*GIVEN DATA*:
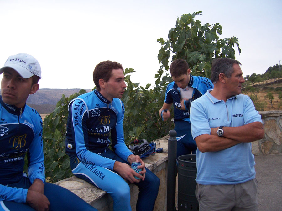 Teniamos que tirar desde salida con los Alfus y algunos Cai, asi que estuvimos tirando a marcheta hasta que arrancaban los Cropusa y teniamos que tirar a mil por hora, eso era jodido, a bloque a bloque hasta que paraban y otra vez a tirar a ritmo, era un desgaste importante. Menos mal que al final sopló de costado y asi la gente que va a rueda tambien se jode, les cerramos cuneta y algunos hicieron grupeta, entramos en los ultimos 20 kms el POl, Abel, Elorriaga, Gabriel, Cobo y yo metiendo cuneta a toda ostia para pìllar la escapada donde iba Tendero, pero cogimos a todos menos a Tendero y un Angel Mir, que llegaron, a 15 kms de meta nos quitamos de tirar, que ya pasaban los Garcamps, el final en bajada, una mierda, yo me meti el ultimo del sprint sin perder tiempo, no queria arriesgarme.
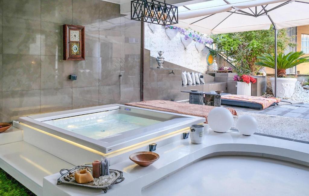 The hot tub is the standout feature of this apartment. In the well-equipped kitchen, guests will find a stovetop, a refrigerator, a dishwasher and kitchenware. The spacious air-conditioned apartment features a TV, a private entrance, a tea and coffee maker and a dining area. The unit has 3 beds and 1 futon.
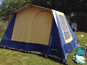 They offer benefits like you can stand up all over the internal space. There is a normal walk in height door. The seventies and beyond offered some questionable if not funky colour choices. These wacky tents can be festooned with bunting and filled with cushions just as easily as a Bell Tent.  I went on to ebay to pick out a 'smallish' Frame Tent to illustrate my point and found a lovely little Buttermilk Yellow and Royal Blue one. It was £55. The seller was happy for people to arrange courier should they so wish.
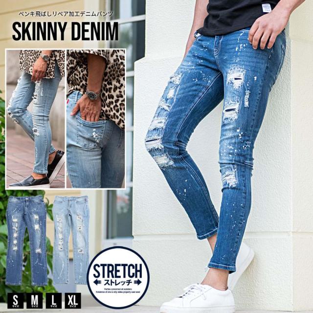 デニムパンツ メンズ ブランド おしゃれ スキニーパンツ デニム パンツ スキニーデニム ジーンズ Gパン テーパードパンツ ブリーチ ペンキ飛ばし リペア加工 細身 スリム タイト ストレッチ 伸縮性 ブルー S M L XL LL CavariA 服 男 男性 春 夏 即日発送 [CANG24-50]

*WORK INSTRUCTION*: Every line from the one holding "They offer benefits" through the final line of the data above is to be reproduced exactly, both ends included, with the pictures left out.

*ANSWER SPACE*:
 They offer benefits like you can stand up all over the internal space. There is a normal walk in height door. The seventies and beyond offered some questionable if not funky colour choices. These wacky tents can be festooned with bunting and filled with cushions just as easily as a Bell Tent.  I went on to ebay to pick out a 'smallish' Frame Tent to illustrate my point and found a lovely little Buttermilk Yellow and Royal Blue one. It was £55. The seller was happy for people to arrange courier should they so wish.
 デニムパンツ メンズ ブランド おしゃれ スキニーパンツ デニム パンツ スキニーデニム ジーンズ Gパン テーパードパンツ ブリーチ ペンキ飛ばし リペア加工 細身 スリム タイト ストレッチ 伸縮性 ブルー S M L XL LL CavariA 服 男 男性 春 夏 即日発送 [CANG24-50]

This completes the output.